CEREBYX competes in IV treatment of acute seizures/status epilepticus in hospital settings. The commercial value is primarily driven by:

  • Acute hospital usage: rapid IV access, clinician familiarity, and pharmacy conversion protocols from phenytoin.
  • Formulary dynamics: tender cycles and therapeutic interchange versus generic IV phenytoin products.
  • Acquisition and supply: manufacturing availability and contracting.
  • Safety and dosing workflows: infusion protocols versus alternative emergency anti-seizure agents.

A defensible market projection requires current baseline revenue by geography, expected share shifts, and competitive assumptions that must be supported by cited facts. None are included in the prompt.


Market projection: what can be projected from provided information?

No numeric projection can be produced without:

  • a current sales base for CEREBYX (or its brand-equivalent unit market) by region,
  • time series trend inputs (recent 2-5 year sales),
  • expected competitive effects (generic penetration, competitor substitution),
  • and evidence of ongoing label expansions or new clinical evidence that changes prescribing.

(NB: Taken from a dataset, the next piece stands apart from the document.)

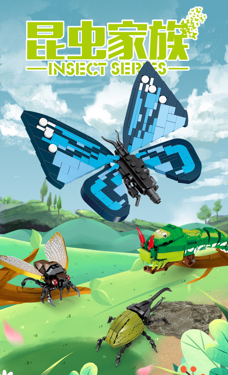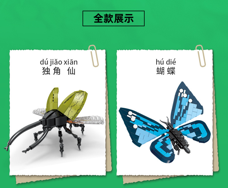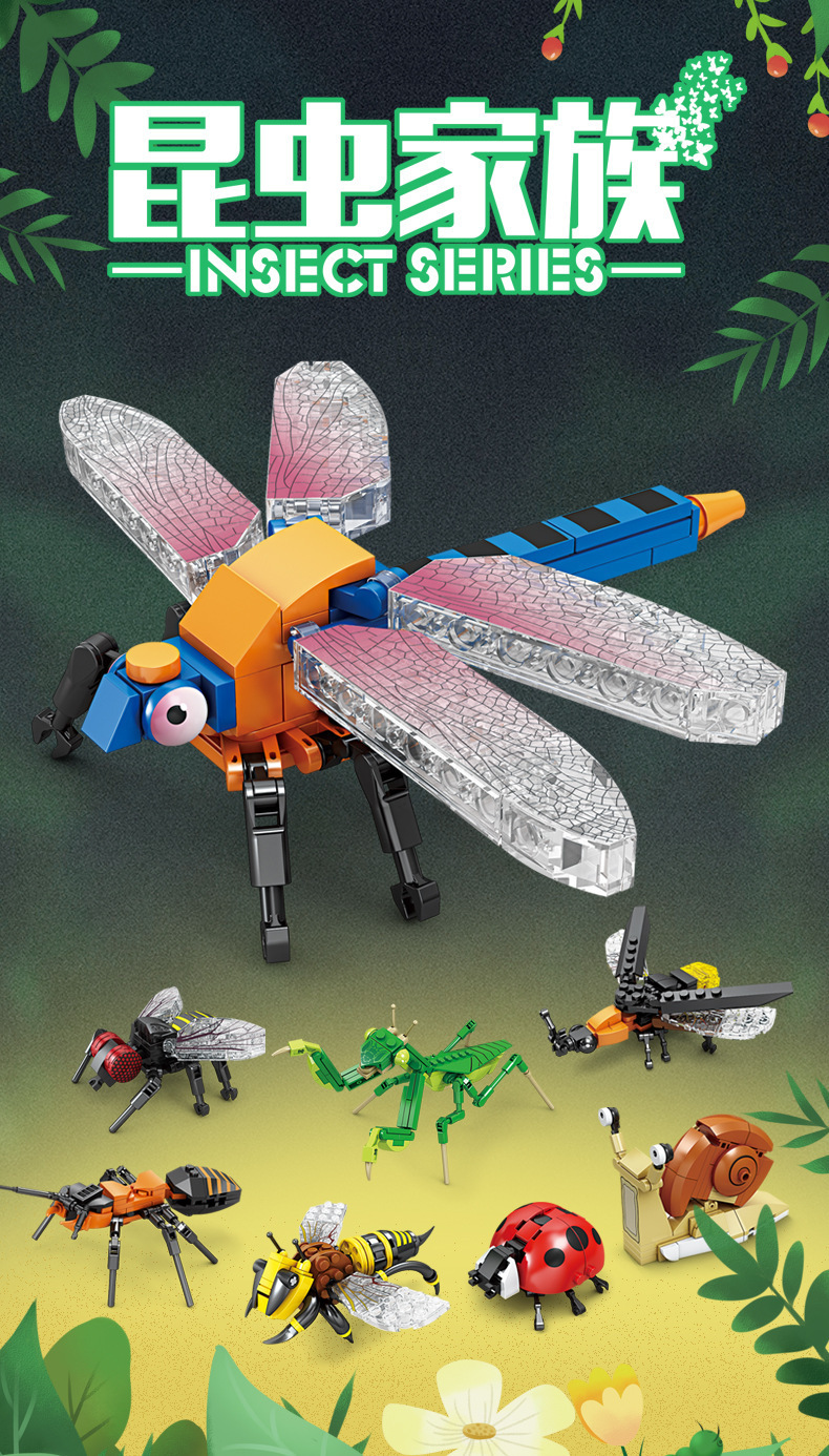 Kaizhi 80040-57 곤충 동물 나비 잠자리 조립 남녀 건물 블록 장난감 어린이 과학 및 교육 도매 선물스토어 가기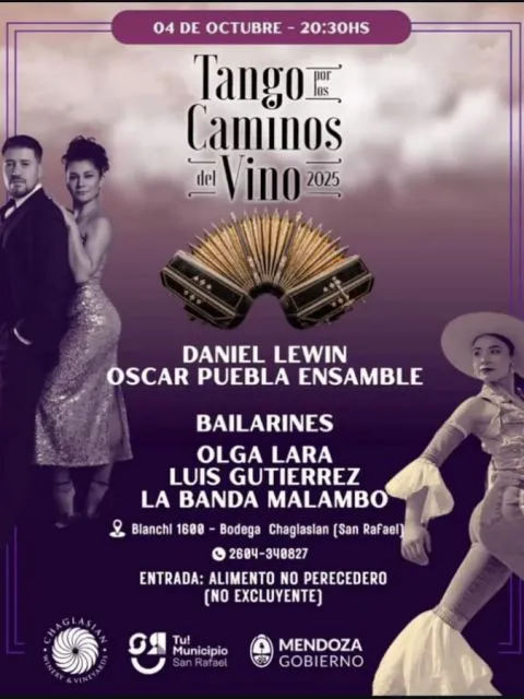 Este sábado a las 20:30 se desarrollará la edición local del festival provincial Tango por los Caminos del Vino en la bodega Chaglasian con la actuación de Daniel Lewin y Oscar Puebla y la danza de Olga Lara y Luis Gutiérrez, con entrada de un alimento no perecedero.

Those inputs are absent from the prompt, so projections would be non-actionable and non-verifiable.


Key Takeaways

  • CEREBYX is a mature IV anti-seizure therapy with commercial performance driven by hospital formularies, supply continuity, and substitution versus IV generic phenytoin and alternative emergency agents.
  • A clinical trials update and a quantified market projection require specific, citable trial registry and sales/market benchmark facts that are not present in the request.

FAQs

  1. What is CEREBYX used for?
    It is used for IV treatment of status epilepticus and as a short-term IV option when patients cannot take oral phenytoin.

  2. What drives CEREBYX hospital demand?
    Hospital formulary decisions, substitution policies versus generic IV phenytoin, and procurement and supply reliability.

  3. Does CEREBYX have active late-stage development that changes market prospects?
    The request does not include any trial identifiers or phase information, so no current development conclusions can be made.

  4. How do generics affect CEREBYX pricing and share?
    In mature IV phenytoin classes, generic substitution typically compresses brand growth unless protected by specific label, supply, or contracted availability.

  5. What inputs are required to build a defensible market projection for CEREBYX?
    A current sales base, geographic mix, trend history, and quantified competitive substitution assumptions tied to evidence.